[Collected data]
────

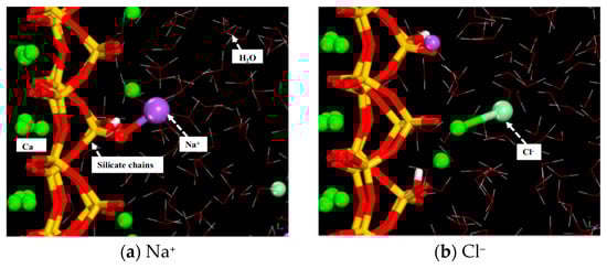 Local structures of (a) sodium ions and (b) chloride ions adsorbed on the C-S-H substrate [].
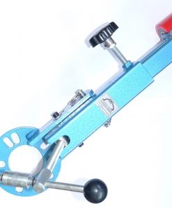 Radlauf-Aufweitgerät Standard, zum Anlegen und Ausstellen von Kotflügelkanten (z.B. bei Tieferlegungen und Einbau breiterer Reifen), für 4-und 5-Loch-Radnaben von 95-120 mm Lochkreis (Radnabenplatte mit 8 Langlöchern Länge 25 mm, davon 5 Stück mit Breite 15 mm und 3 Stück mit Breite 13 mm), leicht und einfach konstruiert für den gelegentlichen Einsatz im Kfz-oder Hobbybereich, Spindel um 90 mm verstellbar, Durchmesser Spindel 16 mm, Lieferung incl. 5 Stück Unterlegscheiben für die Spindel (Achtung: Diese Konstruktion ist anfällig gegen Verschleiß und muß daher laufend kontrolliert werden), Länge Drehhebel 240 mm (mit Kunststoff-Griffkugeln an den Enden), Auslegerarm um ca. 150 mm ausziehbar, Hebelarm der Formrolle um 180° schwenkbar (die Einstellung muß vorsichtig vorgenommen werden, da die Konstruktion gegen die Radlaufkanten stossen und das Fahrzeug beschädigen kann), Synthetik-Formrolle (Breite 70 mm, Durchmesser 80 mm), LxBxH (Auslegearm eingefahren)=535x240x250 mm, Gewicht 7.000 gr., Lieferung im Karton zum Zusammenschrauben, keine CE-Zulassung
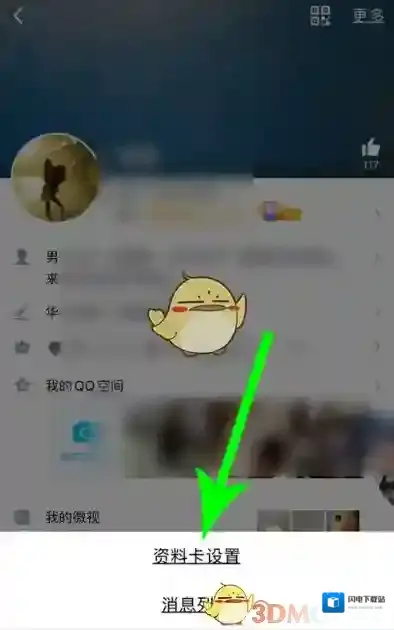 2、打开底部弹窗后,点击“资料卡设置”。
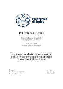 Sentiment analysis delle recensioni online e performance economiche: il caso Airbnb in Puglia = Sentiment analysis of online reviews and economic performance: the Airbnb case in Puglia.
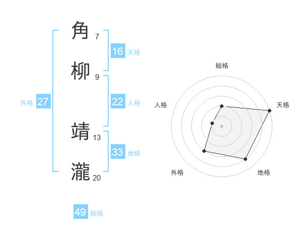 角柳 靖瀧さんの総格は49画の2点!
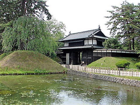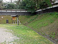 ▲中濠の土塁上に建つ未申櫓。右方向(東)に、「杉の大橋」が架かる。
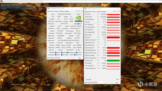 FURMARK 满载测试,过程 20 分钟左右,华硕 ATS 巨齿鲨 GEFORCE RTX 4060 O8G GAMING,GPU 频率 1800MHz 上下,显存 2125MHz 上下,核心温度 57°C(结温 67.8°C),显示功耗 115W 左右。
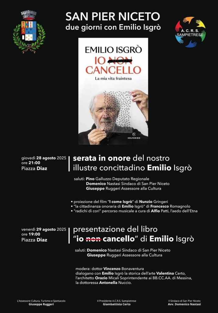 Giovedì 28 e venerdì 29 agosto 2025 il Maestro Emilio Isgrò, artista, scrittore e poeta italiano, conosciuto a livello internazionale per il linguaggio artistico della “Cancellatura”, torna a San Pier Niceto, luogo di nascita dei suoi nonni, dove, nel luglio del 2023, gli fu conferita la Cittadinanza Onoraria.
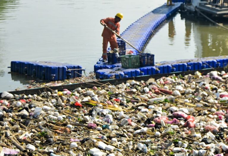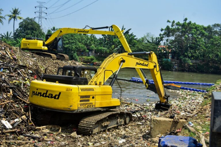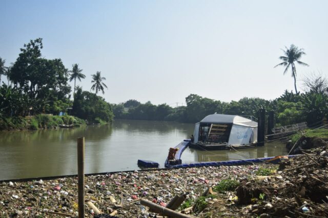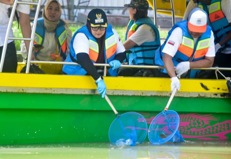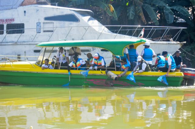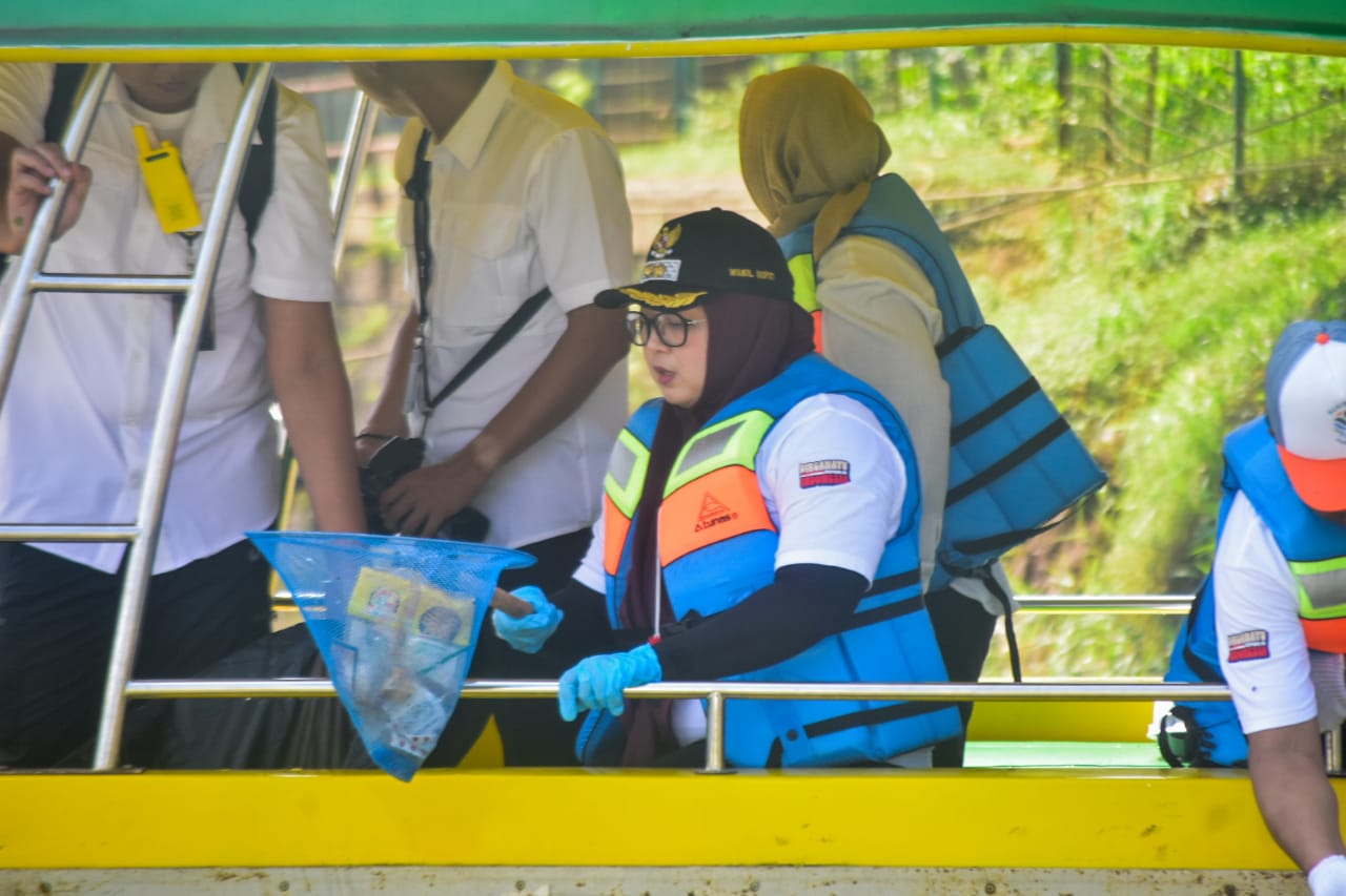 Wakil Bupati Tangerang Intan Nurul Hikmah mengambil sampah saat aksi Bersih Satu Bumi Merdeka dari Sampah di aliran Sungai Cisadane, Desa Tanjung Burung, Kabupaten Tangerang, Banten, Rabu (27/8/2025). Dinas Lingkungan Hidup dan Kebersihan Kabupaten Tangerang bersama organisasi lingkungan serta relawan menggelar aksi membersihkan Sungai Cisadane sebagai upaya menjaga kesehatan ekologi sungai dan mengurangi jumlah sampah yang terbawa arus ke laut. Foto : Ilham Herda Fauzi/LENSABANTEN
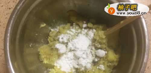 2将煮熟的红薯捞出,放入一个容器里,加入白糖,喜欢吃甜的朋友可以多放一些,趁热将红薯捣烂成泥,和白糖搅拌均匀。
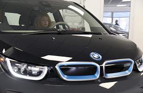Жанровая фотография. Стенд "Уголок покупателя" в первом мультибрендовом салоне электромобилей АВС…
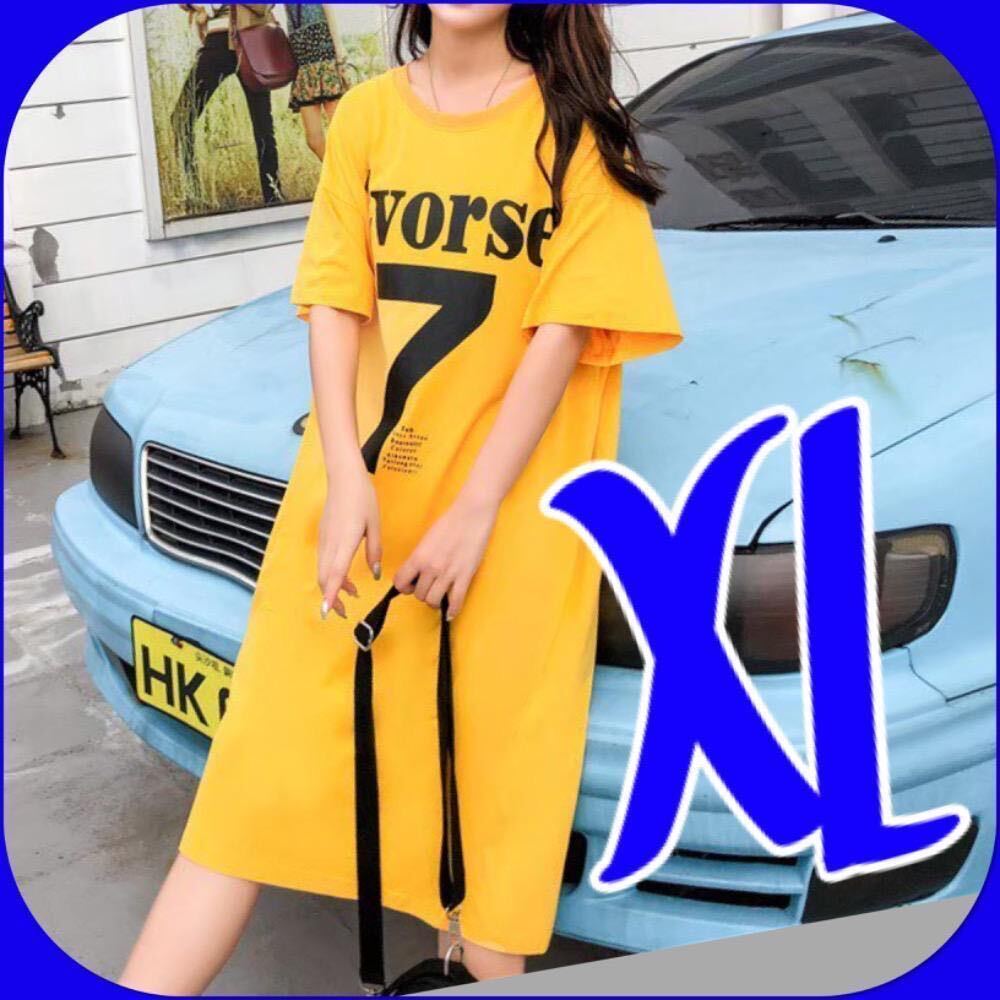 - チュニック ビッグシルエット シャツワンピース トップス 半袖 黄 XL

────

• **TASK ITEM**
Set every record down exactly, omitting pictures.

• **FINAL ANSWER**
 Local structures of (a) sodium ions and (b) chloride ions adsorbed on the C-S-H substrate [].
 Radlauf-Aufweitgerät Standard, zum Anlegen und Ausstellen von Kotflügelkanten (z.B. bei Tieferlegungen und Einbau breiterer Reifen), für 4-und 5-Loch-Radnaben von 95-120 mm Lochkreis (Radnabenplatte mit 8 Langlöchern Länge 25 mm, davon 5 Stück mit Breite 15 mm und 3 Stück mit Breite 13 mm), leicht und einfach konstruiert für den gelegentlichen Einsatz im Kfz-oder Hobbybereich, Spindel um 90 mm verstellbar, Durchmesser Spindel 16 mm, Lieferung incl. 5 Stück Unterlegscheiben für die Spindel (Achtung: Diese Konstruktion ist anfällig gegen Verschleiß und muß daher laufend kontrolliert werden), Länge Drehhebel 240 mm (mit Kunststoff-Griffkugeln an den Enden), Auslegerarm um ca. 150 mm ausziehbar, Hebelarm der Formrolle um 180° schwenkbar (die Einstellung muß vorsichtig vorgenommen werden, da die Konstruktion gegen die Radlaufkanten stossen und das Fahrzeug beschädigen kann), Synthetik-Formrolle (Breite 70 mm, Durchmesser 80 mm), LxBxH (Auslegearm eingefahren)=535x240x250 mm, Gewicht 7.000 gr., Lieferung im Karton zum Zusammenschrauben, keine CE-Zulassung
 2、打开底部弹窗后,点击“资料卡设置”。
 Sentiment analysis delle recensioni online e performance economiche: il caso Airbnb in Puglia = Sentiment analysis of online reviews and economic performance: the Airbnb case in Puglia.
 角柳 靖瀧さんの総格は49画の2点!
 ▲中濠の土塁上に建つ未申櫓。右方向(東)に、「杉の大橋」が架かる。
 FURMARK 满载测试,过程 20 分钟左右,华硕 ATS 巨齿鲨 GEFORCE RTX 4060 O8G GAMING,GPU 频率 1800MHz 上下,显存 2125MHz 上下,核心温度 57°C(结温 67.8°C),显示功耗 115W 左右。
 Giovedì 28 e venerdì 29 agosto 2025 il Maestro Emilio Isgrò, artista, scrittore e poeta italiano, conosciuto a livello internazionale per il linguaggio artistico della “Cancellatura”, torna a San Pier Niceto, luogo di nascita dei suoi nonni, dove, nel luglio del 2023, gli fu conferita la Cittadinanza Onoraria.
 Wakil Bupati Tangerang Intan Nurul Hikmah mengambil sampah saat aksi Bersih Satu Bumi Merdeka dari Sampah di aliran Sungai Cisadane, Desa Tanjung Burung, Kabupaten Tangerang, Banten, Rabu (27/8/2025). Dinas Lingkungan Hidup dan Kebersihan Kabupaten Tangerang bersama organisasi lingkungan serta relawan menggelar aksi membersihkan Sungai Cisadane sebagai upaya menjaga kesehatan ekologi sungai dan mengurangi jumlah sampah yang terbawa arus ke laut. Foto : Ilham Herda Fauzi/LENSABANTEN
 2将煮熟的红薯捞出,放入一个容器里,加入白糖,喜欢吃甜的朋友可以多放一些,趁热将红薯捣烂成泥,和白糖搅拌均匀。
Жанровая фотография. Стенд "Уголок покупателя" в первом мультибрендовом салоне электромобилей АВС…
 - チュニック ビッグシルエット シャツワンピース トップス 半袖 黄 XL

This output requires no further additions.